[Records from a collection]

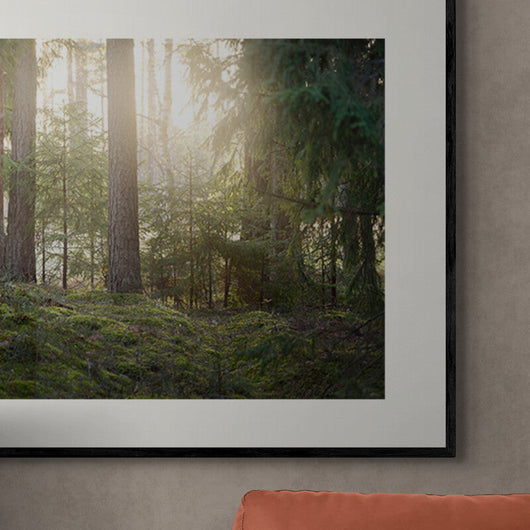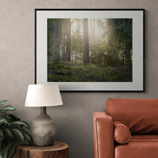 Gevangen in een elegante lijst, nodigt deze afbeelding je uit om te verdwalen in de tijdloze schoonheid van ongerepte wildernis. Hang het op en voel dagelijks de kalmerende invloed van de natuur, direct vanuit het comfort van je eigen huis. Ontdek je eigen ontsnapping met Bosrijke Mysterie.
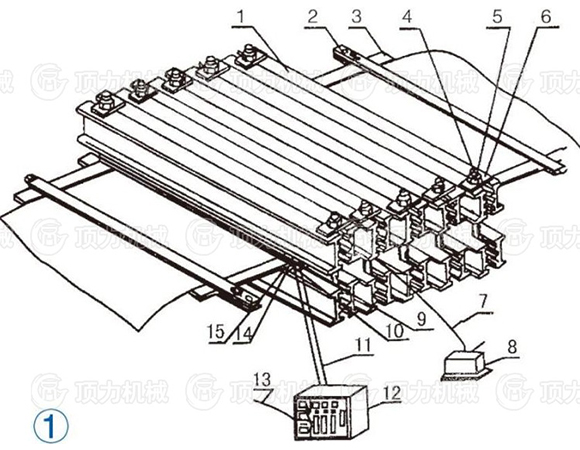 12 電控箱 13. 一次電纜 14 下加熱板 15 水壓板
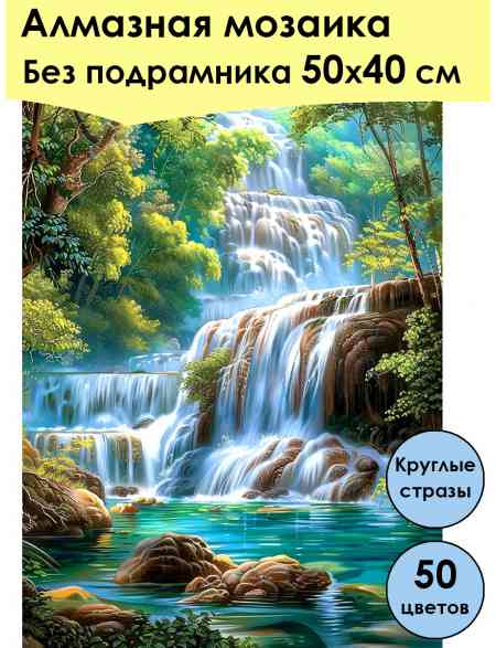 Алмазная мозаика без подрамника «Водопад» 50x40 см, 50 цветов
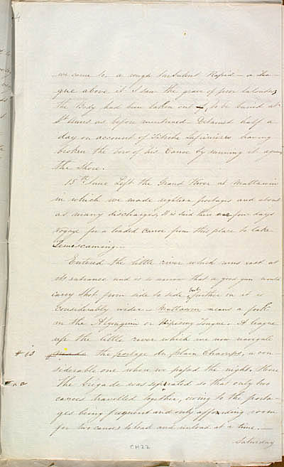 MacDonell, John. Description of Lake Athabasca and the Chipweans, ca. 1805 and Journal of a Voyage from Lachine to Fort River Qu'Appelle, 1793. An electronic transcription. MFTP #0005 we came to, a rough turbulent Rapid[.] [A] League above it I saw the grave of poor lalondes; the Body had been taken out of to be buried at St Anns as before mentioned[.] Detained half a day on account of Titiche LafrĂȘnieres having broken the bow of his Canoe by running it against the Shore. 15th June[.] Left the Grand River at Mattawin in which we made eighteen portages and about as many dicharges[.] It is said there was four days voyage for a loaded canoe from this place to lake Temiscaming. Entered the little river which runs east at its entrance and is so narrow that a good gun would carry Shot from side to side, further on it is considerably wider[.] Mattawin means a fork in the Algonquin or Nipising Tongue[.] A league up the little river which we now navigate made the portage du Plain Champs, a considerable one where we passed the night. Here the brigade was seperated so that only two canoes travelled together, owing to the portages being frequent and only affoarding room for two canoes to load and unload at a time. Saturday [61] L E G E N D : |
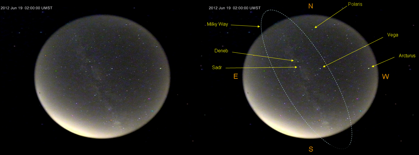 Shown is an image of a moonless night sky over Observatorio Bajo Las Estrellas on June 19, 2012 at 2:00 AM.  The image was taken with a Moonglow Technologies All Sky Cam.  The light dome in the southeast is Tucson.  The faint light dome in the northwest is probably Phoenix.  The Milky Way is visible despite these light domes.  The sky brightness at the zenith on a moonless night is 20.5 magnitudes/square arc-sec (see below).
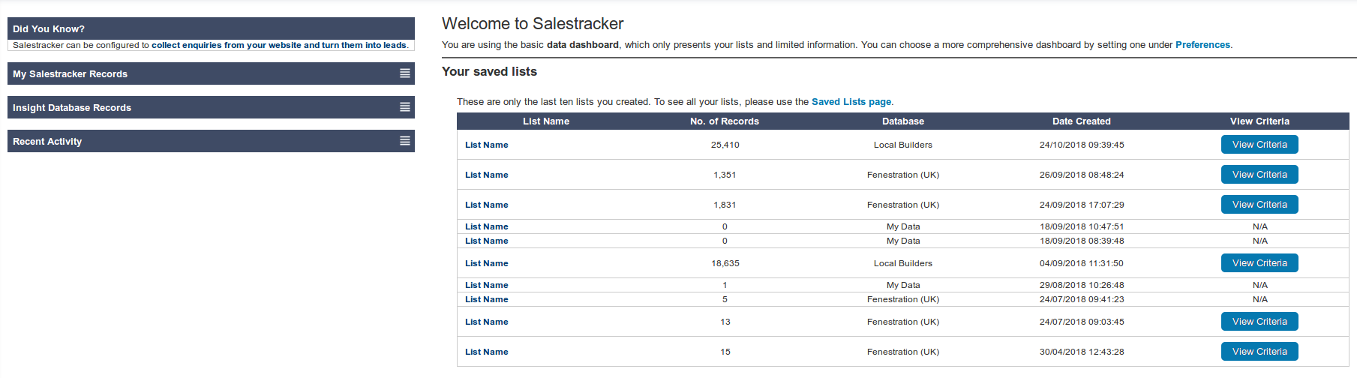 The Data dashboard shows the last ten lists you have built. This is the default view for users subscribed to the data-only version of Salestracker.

- [Exercise instructions]
Keep out the pictures, and copy exactly the lines from the one that contains "Shown is an" through the final line of the records above, both ends included.

- [Result of the task]
 Shown is an image of a moonless night sky over Observatorio Bajo Las Estrellas on June 19, 2012 at 2:00 AM.  The image was taken with a Moonglow Technologies All Sky Cam.  The light dome in the southeast is Tucson.  The faint light dome in the northwest is probably Phoenix.  The Milky Way is visible despite these light domes.  The sky brightness at the zenith on a moonless night is 20.5 magnitudes/square arc-sec (see below).
 The Data dashboard shows the last ten lists you have built. This is the default view for users subscribed to the data-only version of Salestracker.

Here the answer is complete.